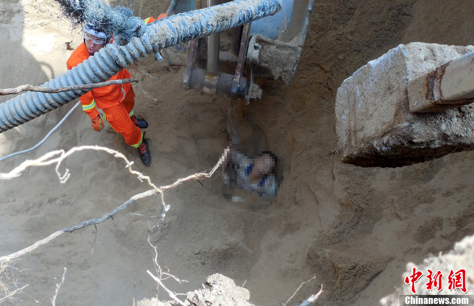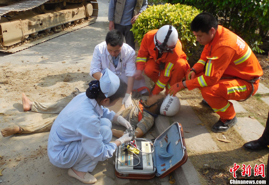 4月13日13时40分,福州市闽侯县上街橘园洲大桥桥头北侧大洋鹭洲别墅区内,一名工人在进行挖坑作业时,因坑内土方突然发生坍塌而被掩埋,不幸遇难。目前,相关部门已经介入事故原因调查。图为经过10多分钟徒手挖掘,被埋工人的上半身露了出来。中新社发 黄绿荣 摄
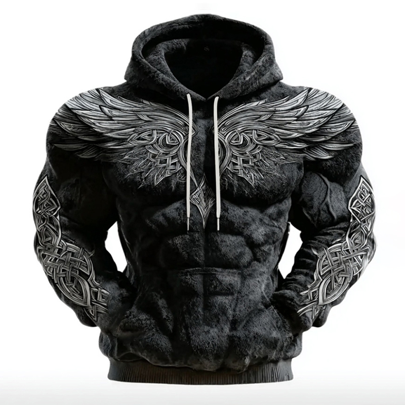 Men's Celtic Knot And Wing Pattern Flannel Hoodie
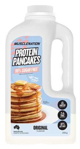 In an easy to mix and convenient bottle, making fluffy pancakes has never been easier! Simply add water or lite milk, and shake (makes 8-10 pancakes). In no time you will have ready-to-eat fluffy pancakes with the added benefits of Protein and Fibre. Our pancakes are 98% Sugar Free, 97% Fat Free and make the perfect breakfast, snack or a night time treat.
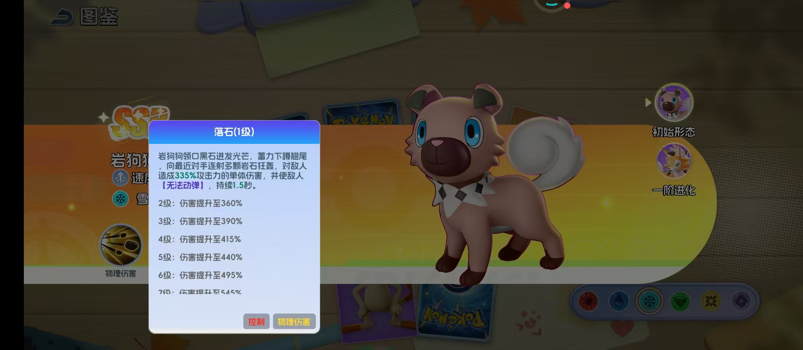 作为雪属性的精灵。岩狗狗定位其实还是比较清晰的,就是专门为了克制高攻击而生。初始的形态到一级进化,外形始终都会有一种野性的张力。那一双湛蓝色的眼眸就会锁定敌方攻击力最高的目标,这种设计并非徒有其表,而是和技能一直绑定在一起。核心技能就是落石这就是开场杀器,有爆发,还有控制能力,一旦在释放技能之后,就会造成最高495%的单体伤害。还能强制让目标陷入到1.5秒的无法动弹状态中,在PVP对战中,这1.5秒就可以改变战局。

### WHAT THE TASK REQUIRES
Each line from the one containing "Men's Celtic Knot" through the last line of the listing must be copied exactly, and the pictures must not be.

### OUTPUT FOR THIS EXERCISE
 Men's Celtic Knot And Wing Pattern Flannel Hoodie
 In an easy to mix and convenient bottle, making fluffy pancakes has never been easier! Simply add water or lite milk, and shake (makes 8-10 pancakes). In no time you will have ready-to-eat fluffy pancakes with the added benefits of Protein and Fibre. Our pancakes are 98% Sugar Free, 97% Fat Free and make the perfect breakfast, snack or a night time treat.
 作为雪属性的精灵。岩狗狗定位其实还是比较清晰的,就是专门为了克制高攻击而生。初始的形态到一级进化,外形始终都会有一种野性的张力。那一双湛蓝色的眼眸就会锁定敌方攻击力最高的目标,这种设计并非徒有其表,而是和技能一直绑定在一起。核心技能就是落石这就是开场杀器,有爆发,还有控制能力,一旦在释放技能之后,就会造成最高495%的单体伤害。还能强制让目标陷入到1.5秒的无法动弹状态中,在PVP对战中,这1.5秒就可以改变战局。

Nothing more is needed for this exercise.